Hi Tino,
(a) Is there documentation regarding thread management and message flow?
Unfortunately, not yet. How it works, in short, is that each socket is inside a critical section. Each socket also has a condition variable to wait on in blocking functions such as nn_recv() and a worker thread. When sending message from socket A to socket B, following sequence of steps happens:
1. nn_recv() on B is called. 2. B's critical section is entered 3. There are no messages waiting in B 4. Wait for condition variable in B 5. nn_send() is called on A 6. A's critical section is entered 7. message is written into shared pipe 8. event is sent to B's worker thread (via eventfd) 9. A's critical section is exited 10. B's worker thread gets the event 11. It signals B's condition variable 12. Application thread blocked in nn_recv() is unblocked 13. It receives the message from the shared pipe 14. It leaves B's critical section 15. nn_recv() on B exitsI would say all the above is pretty straightforward except for the worker thread thing. Specifically, why doesn't the sender thread signal the receiver's condition variable directly, instead of going through the worker thread?

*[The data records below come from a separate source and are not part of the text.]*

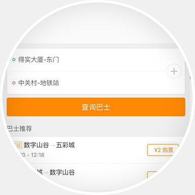 系统会根据您最近的查找/购买记录,在“公交”界面首页推荐您可能希望乘坐的路线,方便您更快捷的完成购票。
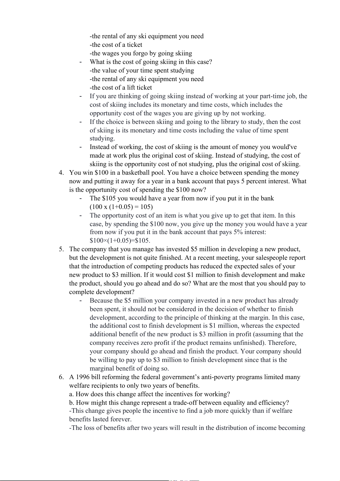 made at work plus the original cost of skiing. Instead of studying, the cost of
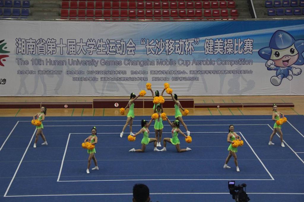 历时70多天的湖南省第十届大学生运动会于2014年11月25日在长沙民政职业技术学院落下帷幕,我校代表团健美操、武术、体育舞蹈、女子排球、羽毛球等项目喜获丰收。共夺得18枚金牌、8枚银牌、6枚铜牌,金牌总数列二十所参赛本科学院第三。其中王京琼、罗婕指导的健美操获得8金1银,姜辉军、胡彩芬指导的武术获得6金4银5铜,丁小芬、雷蕾指导的体育舞蹈获得3金1银,任一春指导的女子排球获得1金、程曼萍指导的羽毛球获得2银1铜。

The reason is that if it is done so, there's a race condition when both sides of the inproc connection are sending at the same time:
1. nn_send(A) 2. lock mutex A 3. nn_send(B) 4. lock mutex B 5. message is written to a shared pipe 6. lock mutex A <-------- deadlock happens here 7. signal A's condition variable etc.
(b) Have you implemented some sort of busy wait already (for the workers at least) ?
No. Not yet. I guess busy wait could reduce the latency of the "post" step from 7us to 0.5us.
If so, and if "event" step can be somehow eliminated altogether, we can expect inproc latency below 5us. That would be really nice.
Martin